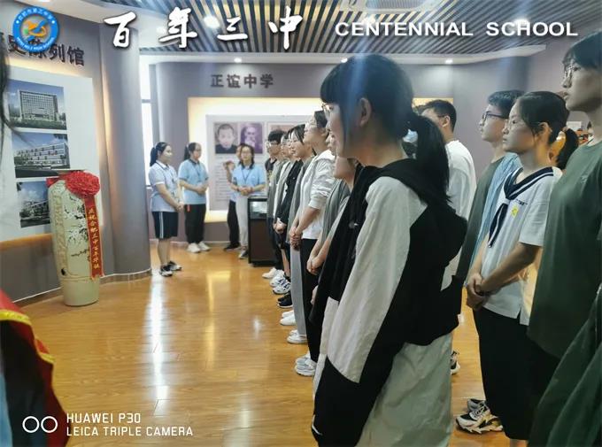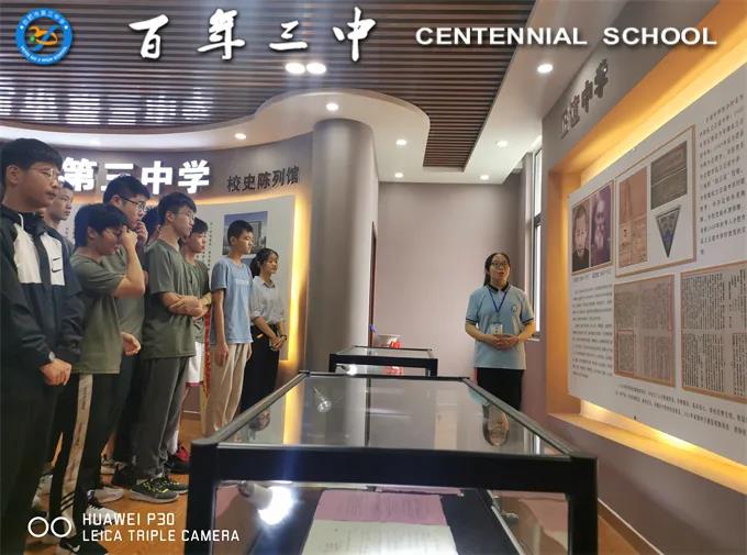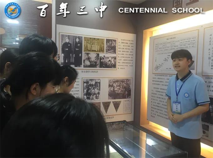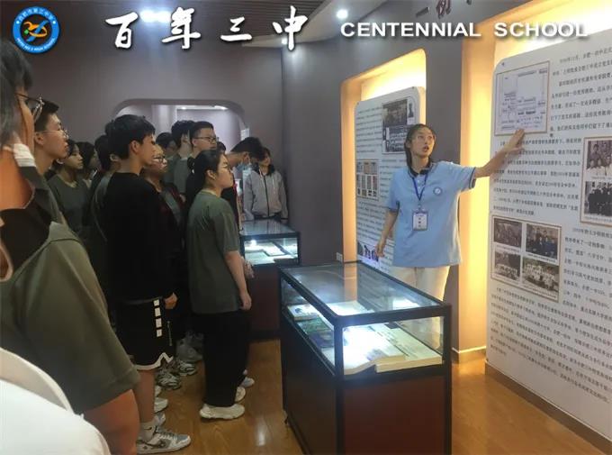 一所学校办学育人的历史,就是一部生动的教科书。为了让高一新生更好的了解校史、校情,传承学校精神文化,增进爱校、荣校情怀,激发学生“知我三中,爱我三中,荣我三中,兴我三中”的自豪感、荣誉感、责任感和使命感,高一年级新生入学教育期间,8月29日下午,校团委组织参观了校史馆,学校溯源讲解社团成员担任宣讲员。
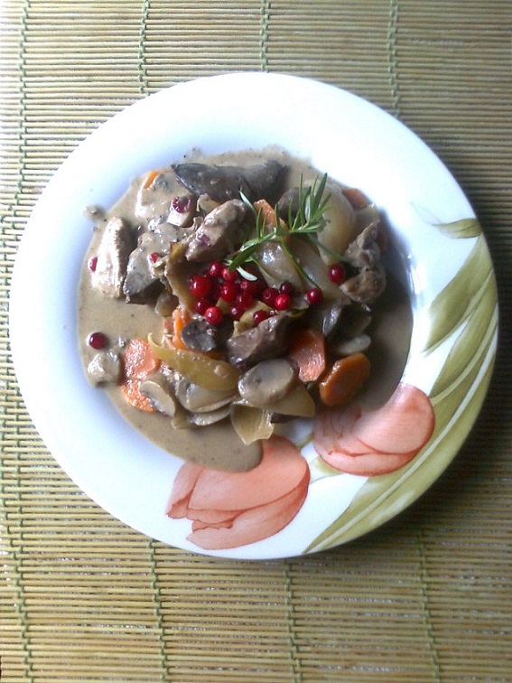 Przepis norweski na wieloryba, nadaje się do różnych mięs, a żeby pozostawić pewne elementy smakowe, nieco podobne do wieloryba, wymyśliłam sobie, że spróbuję wykorzystać przepis do wątróbki – wyszło pycha.
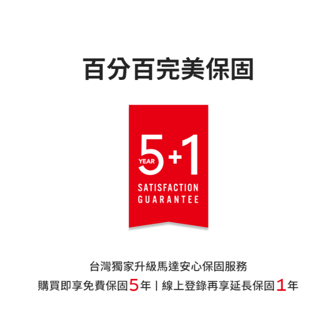 保固: 由原廠提供保固服務,自購買日算起正常使用下馬達5年保固,上網登錄加1年
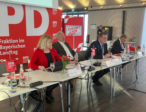 Vom 20. bis zum 22. Januar fand die Winterklausur der SPD-Fraktion im Bayerischen Landtag in Bad Aibling statt. Unter dem Motto „Zukunft wird vor Ort gemacht“ lag der Schwerpunkt dieses Jahr auf den Herausforderungen der Kommunen, dem Wohnungsbau und der Sicherheitspolitik. Unter den zahlreichen Gästen fanden sich auch einige prominente Genossinnen und Genossen aus Bund und Ländern: Peer Steinbrück (ehemaliger Bundesfinanzminister und Ministerpräsident von Nordrhein-Westfalen), MdB Dr. Matthias Miersch (Vorsitzender der SPD-Bundestagsfraktion), MdB Michael Schrodi (Parlamentarischer Staatssekretär BMF), MdB Carsten Träger (Parlamentarischer Staatssekretär BMUKN), MdB Heike Heubach (Wohnungslosenbeauftragte des Bundes), MdB Dr. Carolin Wagner (Landesgruppenvorsitzende), MdB Christoph Schmid, MdB Sebastian Roloff und Ronja Endres (beide Vorsitzende der BayernSPD).
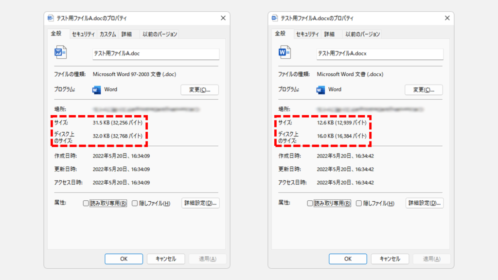 下面是将 .doc 格式(左)创建的文件转换为 .docx 格式(右)时文件属性的比较。
⁂
■ **What is being asked**:
Would you please output only the lines from the start of the material above up to and including the line with "Przepis norweski na", exactly as they appear and without pictures?

■ **Finished task**:
 一所学校办学育人的历史,就是一部生动的教科书。为了让高一新生更好的了解校史、校情,传承学校精神文化,增进爱校、荣校情怀,激发学生“知我三中,爱我三中,荣我三中,兴我三中”的自豪感、荣誉感、责任感和使命感,高一年级新生入学教育期间,8月29日下午,校团委组织参观了校史馆,学校溯源讲解社团成员担任宣讲员。
 Przepis norweski na wieloryba, nadaje się do różnych mięs, a żeby pozostawić pewne elementy smakowe, nieco podobne do wieloryba, wymyśliłam sobie, że spróbuję wykorzystać przepis do wątróbki – wyszło pycha.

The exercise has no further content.